Stored data entries
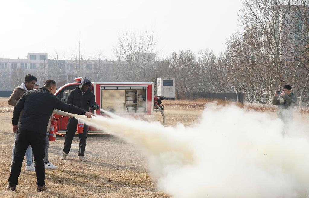 培训人员宣读了《DB中国旗舰官方网站致在校学生的安全提示》,结合近期发生的火灾事故案例,重点强调了宿舍用电、用气、用火有关规定和注意事项,现场演示了灭火器使用方法和水带连接步骤。演练环节,同学们三人一组,人手一具灭火器,提、摇、拨、握、压,朝着“模拟着火点”一气呵成,动作规范标准;在水带连接过程中,同学们最终全部顺利完成水带连接,掌握了基本操作技术要领。
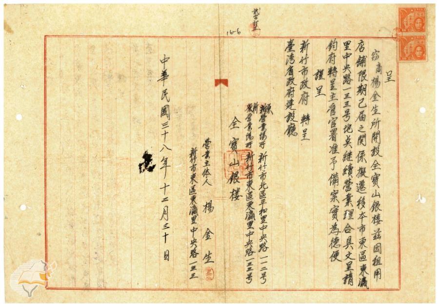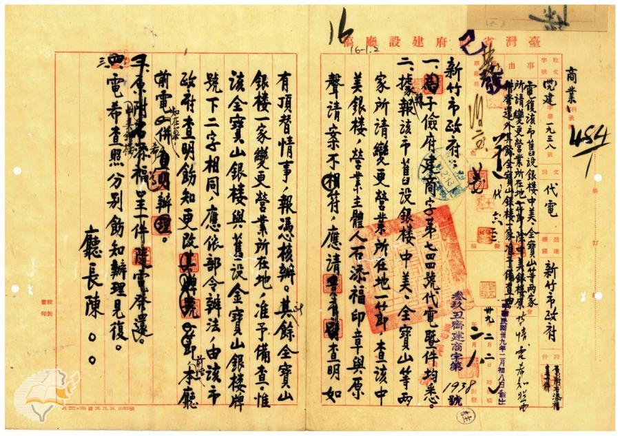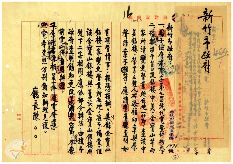 台灣省政府建設廳(1950-02-08)。[案由:電復新竹市舊設銀樓中美、全寶山等兩家所請變更營業所在地]。《數位典藏與數位學習聯合目錄》。http://catalog.digitalarchives.tw/item/00/42/22/7c.html(2025/01/03瀏覽)。
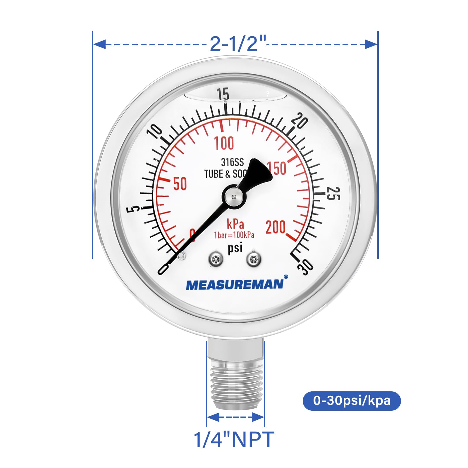 2-1/2" dial size, 1/4"NPT lower mount, TIG welding between case and socket
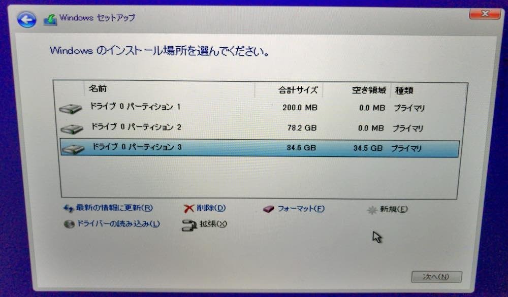「ドライブ0 パーティション3にWindows をインストールすることができません」のワーニングメッセージが消えます。
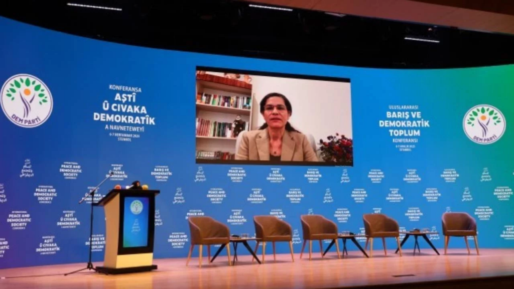 Kuzey ve Doğu Suriye Özerk Yönetimi Dış İlişkiler Dairesi Başkanı İlham Ahmed zoom bağlantısıyla konferansta bir konuşma yaptı. Uluslararası Barış ve Demokratik Toplum Konferansı’nda konuşan İlham Ahmed, “Türkiye’yle diyalog içinde olmak istiyoruz. Sınırlarımız açılsın. Türkiye’deki barış sürecinin nihayete ermesini istiyoruz” dedi.
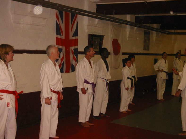 Samstagmorgen um 9:00 Uhr ein "Continental"-breakfast und ab zum Dojo des Karate Club Leicester, ziemlich versteckt an der Humberston Gate in einem Kellergeschoss eingerichtet. Bereits in den Fünfzigern des letzten Jahrhunderts noch als Judo-Dojo gegründet, gilt es heute als eines der ältesten Karate-Dojos auf den Inseln überhaupt. Dieses Dojo, liebevoll gepflegt, atmete eine anheimelnde, sehr persönliche Atmosphäre und es war uns, als wohne hier ein langjähriger, durch intensives Karate-Training geformter und der Erhabenheit des Do verpflichteter Geist. Weder die Kleinheit noch die "tropisch-dicke" Luft nach jedem Training (Kondenswasser tropfte von der Decke und rann an den Wänden herab) konnten diesen Eindruck schmälern, im Gegenteil: Sie verliehen ihm zusätzliches Gewicht, Materialität gewissermaßen!

- _What is being asked_
Your copy should hold the lines from the one with "台灣省政府建設廳(1950-02-08)" up to and including the one with "Kuzey ve Doğu Suriye Özerk", exactly as in the data above, and no pictures.

- _Output below_
 台灣省政府建設廳(1950-02-08)。[案由:電復新竹市舊設銀樓中美、全寶山等兩家所請變更營業所在地]。《數位典藏與數位學習聯合目錄》。http://catalog.digitalarchives.tw/item/00/42/22/7c.html(2025/01/03瀏覽)。
 2-1/2" dial size, 1/4"NPT lower mount, TIG welding between case and socket
「ドライブ0 パーティション3にWindows をインストールすることができません」のワーニングメッセージが消えます。
 Kuzey ve Doğu Suriye Özerk Yönetimi Dış İlişkiler Dairesi Başkanı İlham Ahmed zoom bağlantısıyla konferansta bir konuşma yaptı. Uluslararası Barış ve Demokratik Toplum Konferansı’nda konuşan İlham Ahmed, “Türkiye’yle diyalog içinde olmak istiyoruz. Sınırlarımız açılsın. Türkiye’deki barış sürecinin nihayete ermesini istiyoruz” dedi.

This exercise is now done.